Donna Uchizono is a NYC-based dance artist and Artistic Director of Donna Uchizono Company (DUC), which has toured throughout the U.S, Europe, Asia, South America, and Australia. Uchizono has been commissioned to create work for notables Mikhail Baryshnikov, Pulitzer Playwright Paula Vogel, theater director Oskar Eustis, MacArthur fellow David Hammons, and neurologist/writer Oliver Sacks. A United States Artist Awardee, Guggenheim Fellow, and “Bessie” recipient, Uchizono has been distinguished by numerous national awards and grants, and many New York State and New York City awards.
Uchizono is active in the community and is committed to mentorship/advocacy for young dance makers. She served as a mentor for Sugar Salon, DoublePlus at Gibney Dance Center, and currently through the Company’s own choreographic mentorship program, “Shared Choreographic Practice.” She founded the Artist Advisory Board at Danspace Project, initiated a panel series on issues in the Dance Field at Dance USA and serves as a grants panelist for various funding institutions.

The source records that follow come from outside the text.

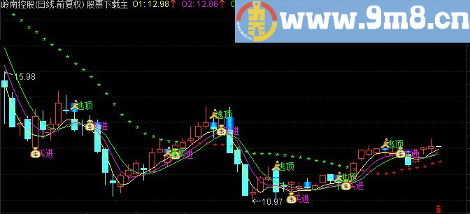 DRAWTEXT(FILTER(VAR1A=1,5),HIGH,' 逃顶'),COLOR00FF00;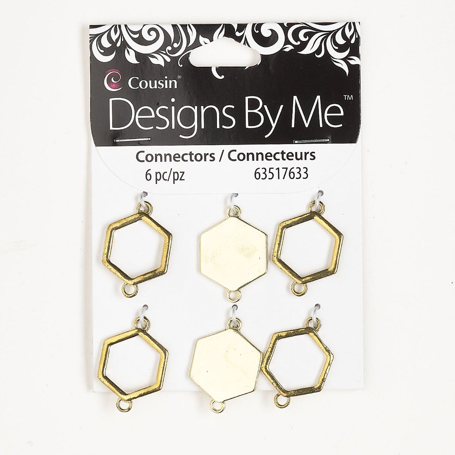 Link assortment, gold- and brass-finished "pewter" (zinc-based alloy) and brass, 18mm-19x17mm hexagon and open hexagon. Sold per pkg of 6.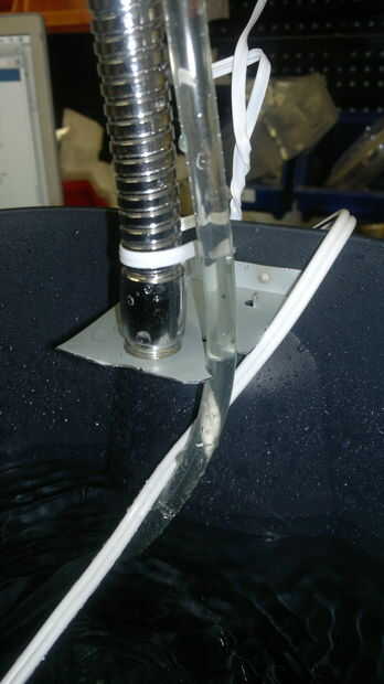 Había montado el cuello de cisne en un soporte de aluminio que até a mi cubo. Y con cinta los tubos a él. Si tuviera una tubería de diámetro más pequeño podría se rosca el tubo en el cuello de cisne, que habría sido impresionante!!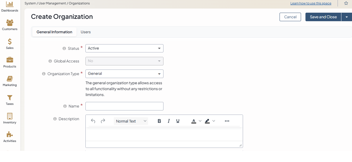 Global access — specify whether the organization has global access level. Only one organization with global access can exist in the system. When the organization with global access already exists in the system, the Global Access field is disabled.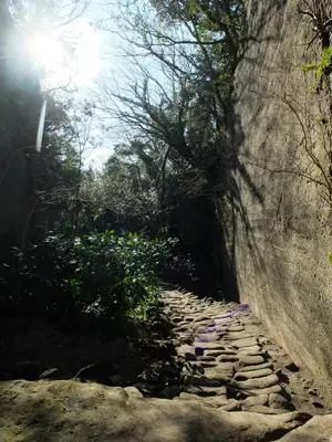 山のふもとから頂上まで続く日本寺の境内は、緑が多く気持ちの良いハイキングコースになっています。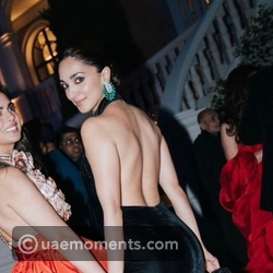 The picture shows Advani wearing a backless, black velvet dress while Ambani wore a burnt sienna-colored gown.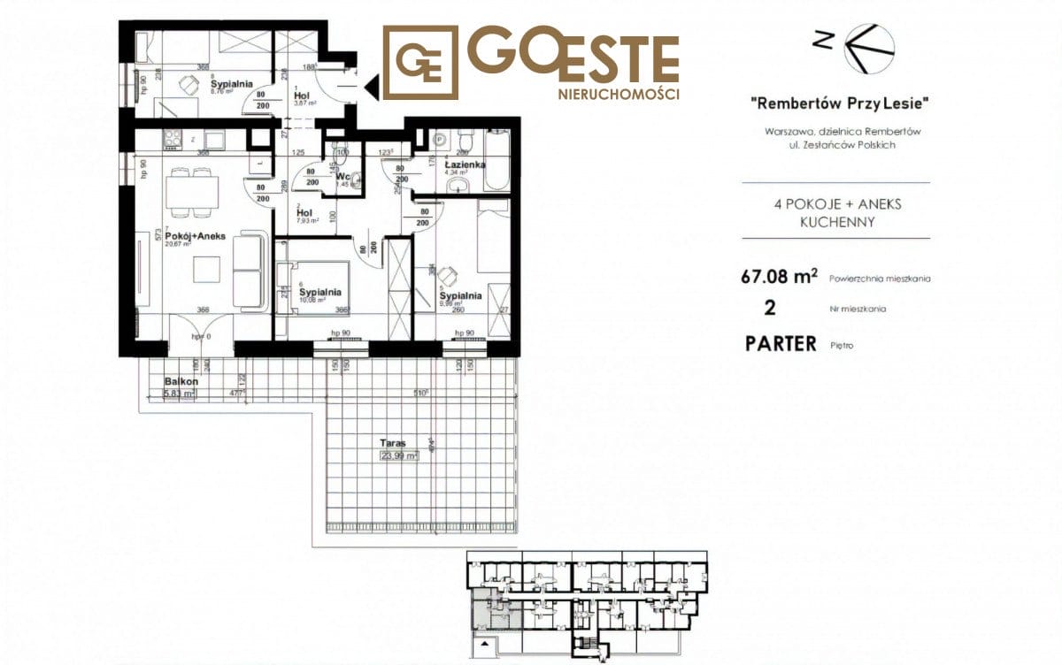 Agencja GOESTE Nieruchomości ma przyjemność zaprezentować 4-pokojowe mieszkanie o powierzchni 67,08 m2 w stanie deweloperskim, położone na parterze nowoczesnego bloku przy ul. Zesłańców Polskich 8, na osiedlu Przy Lesie w Rembertowie. Mieszkanie to stanowi doskonały wybór dla osób szukających spokoju i bliskości natury, bez rezygnacji z łatwego dostępu do infrastruktury miejskiej.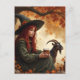 Witch and Pet Goat in Autumn Vykort

In 2011, after decades of critically acclaimed dance works that toured nationally and internationally, Uchizono was identified by the New York Public Library for the Performing Arts (NYPL) at Lincoln Center as a master choreographer whose works require preservation. Since 2019, Uchizono has been humbled by the NYPL’s confirmation and recognition of being the first and only American-born choreographer of Asian descent in the history of modern dance to have received cumulative national award recognition and toured an eponymous dance company across the US and internationally. She has been using this odd distinction as an advocate for equal national funding, presentation, and visibility for all Asian choreographers, both Asian and American-born.